Welcome to our dedicated page for COMPOSECURE SEC filings (Ticker: CMPO), a comprehensive resource for investors and traders seeking official regulatory documents including 10-K annual reports, 10-Q quarterly earnings, 8-K material events, and insider trading forms.
The CompoSecure, Inc. (CMPO) SEC filings page on Stock Titan provides access to the company’s regulatory disclosures, which document its evolution from a standalone issuer into part of a broader platform and detail its capital structure, governance, and financing arrangements. Filings such as Forms 8-K, Form 25, and registration-related documents capture material events, exchange listing changes, business combinations, and significant debt transactions.

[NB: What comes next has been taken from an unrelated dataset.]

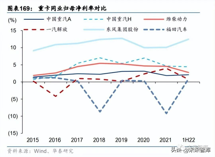 2022 年或为重卡业绩底,静待行情回暖释放利润弹性。在多因素压制下重卡企业的净利率 与 ROE 持 续 下 滑 , 1H22 潍 柴 动 力 / 中 国 重 汽 -H/ 一 汽 解 放 净 利 率 分 别 同 比-3.13ppt/-0.76ppt/-3.42ppt,ROE 分别同比-7.38ppt/-7.18ppt/-12.36ppt,已达到 15 年以来 的较低水平。短期看,当前疫情防控调整优化存在经营扰动且 22 年业绩未完全兑现,盈利 或有所承压,但往后看,我们认为重卡行业需求侧回暖较为清晰、产能逐步出清、库存状 态良好,有望盈利向上、向下空间不大,侧面反映 2022 年大概率为业绩底。

For CompoSecure, recent 8-K filings describe the completion of its combination with Husky Technologies Limited, the rebranding of the corporate entity to GPGI, Inc., and the related issuance of cash and shares of Class A common stock as transaction consideration. These filings also outline associated agreements, including an Investor Rights Agreement and a Registration Rights Agreement with an affiliate of Platinum Equity, and a management agreement with Resolute Holdings Management, Inc. for the Husky business. Together, they provide detail on board nomination rights, registration rights, and management fee structures tied to adjusted EBITDA at a Husky holding entity.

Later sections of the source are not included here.